Стрижак недолго бьется над финалом, остановившись на решении столь же простом и эффектном, как в пьесе Денисовой. И все же в случайной гибели Гриши на митинге есть не только конъюнктурный смысл. Чего тут точно нет – так это романтизма: герой гибнет свидетелем чужого конфликта, не предполагая жертвовать собой, когда на велосипеде ринулся к автозаку. Герои Денисовой вышли из игры, испугавшись подступающего нового мира, – героя Стрижак устранил мир старый. Мир твердых форм и твердых оппозиций, не выживающий без борьбы.

Источником конфликта в книге детской писательницы Аи эН тоже стала представительница уходящего мира. Несмотря на скандальное название, роман «Библия в SMSках» далек от модернизированного религиоведения. Сюжет закручивается вокруг наследства, а не вопросов веры. Бабушка Вигнатя дает десять дней внучке Еве на то, чтобы усвоить Библию, угрожая в противном случае отписать квартиру и другие накопленные ценности первому встречному сиротинушке. Брат Евы придумывает способ облегчить и ускорить выполнение задачи: каждый день он отправляет сестре эсэмэски с пересказом священных глав.

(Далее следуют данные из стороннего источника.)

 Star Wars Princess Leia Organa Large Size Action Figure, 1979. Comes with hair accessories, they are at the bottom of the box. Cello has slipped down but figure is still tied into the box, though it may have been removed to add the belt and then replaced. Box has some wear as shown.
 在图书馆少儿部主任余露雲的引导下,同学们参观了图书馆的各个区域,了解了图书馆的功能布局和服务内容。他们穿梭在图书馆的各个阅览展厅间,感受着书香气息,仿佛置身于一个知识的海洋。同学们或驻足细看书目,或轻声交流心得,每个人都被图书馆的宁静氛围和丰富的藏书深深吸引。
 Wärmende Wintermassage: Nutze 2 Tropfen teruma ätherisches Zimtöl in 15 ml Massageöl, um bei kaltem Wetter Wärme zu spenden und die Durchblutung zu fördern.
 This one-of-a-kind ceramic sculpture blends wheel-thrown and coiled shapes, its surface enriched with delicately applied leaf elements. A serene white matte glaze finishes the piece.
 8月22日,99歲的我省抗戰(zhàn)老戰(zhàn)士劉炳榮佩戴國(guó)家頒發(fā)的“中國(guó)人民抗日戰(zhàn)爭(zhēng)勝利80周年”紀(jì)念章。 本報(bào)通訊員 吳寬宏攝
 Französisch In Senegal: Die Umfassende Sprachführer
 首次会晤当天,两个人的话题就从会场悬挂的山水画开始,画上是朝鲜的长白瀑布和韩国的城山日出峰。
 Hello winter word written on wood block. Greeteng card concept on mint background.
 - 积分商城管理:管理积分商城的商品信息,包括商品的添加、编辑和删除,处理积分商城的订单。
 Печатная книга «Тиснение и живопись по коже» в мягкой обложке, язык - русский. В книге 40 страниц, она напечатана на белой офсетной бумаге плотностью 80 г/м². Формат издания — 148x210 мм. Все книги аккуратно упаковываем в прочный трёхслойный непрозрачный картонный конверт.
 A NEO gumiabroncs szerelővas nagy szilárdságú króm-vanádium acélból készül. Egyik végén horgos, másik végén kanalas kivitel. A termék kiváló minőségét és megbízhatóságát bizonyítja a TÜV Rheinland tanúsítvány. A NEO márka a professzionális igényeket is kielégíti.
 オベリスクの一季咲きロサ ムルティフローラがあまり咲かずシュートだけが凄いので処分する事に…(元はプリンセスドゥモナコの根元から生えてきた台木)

Колебания ментальных волн интересуют автора куда больше интриги с квартирой бабушки, чей старческий каприз может стоить ей жизни. От патриархальных слов «Библия» и «наследство» в молодом сознании героев расходятся круги, бессчетные и непредсказуемые, как тысячи вариантов употребления слова «яблоко», наловленные поисковиком. Опираясь на бабушкины слова, Ая эН расчерчивает карту молодого сознания, куда попадают выдуманные профили в соцсетях, форумы эзотерических сайтов, электронные потребительские корзины с чертиками, мечты о четвертом измерении в ванной, прогулочные рейды на самолете, магический заговор на смерть.

Ае эН удалось показать эфирную тонкость, многослойность и проницаемость представлений человека, воспитанного в информационную эру. Ее герои вынуждены суетиться из-за наследства, но сами давно живут интересами куда менее материальными, чем их бабушка, знающая только один рычаг воздействия – корысть.

Библия в романе, как кеды в спектакле, – только предлог: последнее средство бабушки Вигнати забрать власть над внуками. Сопливые утешения вроде «бабушка хотела быть любимой» придется оставить литературе для младшего возраста – роман Аи эН, хоть и прославился победой на конкурсе «Книгуру», рассчитан не на детей. И не только потому, что там упоминаются противозачаточные таблетки. Вывод, к которому подводит распределение сил и симпатий в романе, не чета нравоучению.

Сколько ни повторяет автор: «Думай своей головой!» – читатель чувствует, что наиболее обаятельный персонаж в книге склонен думать меньше всего. Самая юная героиня «Пыльного дня» не отличает «Илиаду» от ученого Элиаде – ей под стать внучка Ева листает Библию в ванной, размышляя, что Екклесиасту неплохо было бы полечиться от депрессии. Беспамятство и невежество хотят изобразить фирменным знаком поколения, но оно вывертывает насмешку: «Я пуст». Это вскользь брошенное в «Кедах» признание – идеология поколения, переросшего романтический конфликт личности и мира. Пустота удерживает личность открытой для всего нового, и Ева поражает воображение переодеваниями, быстро найденными решениями, скоростной дружбой с едва знакомыми людьми, венчая свои приключения сменой страны проживания, языка и нескольких преданных ухажеров.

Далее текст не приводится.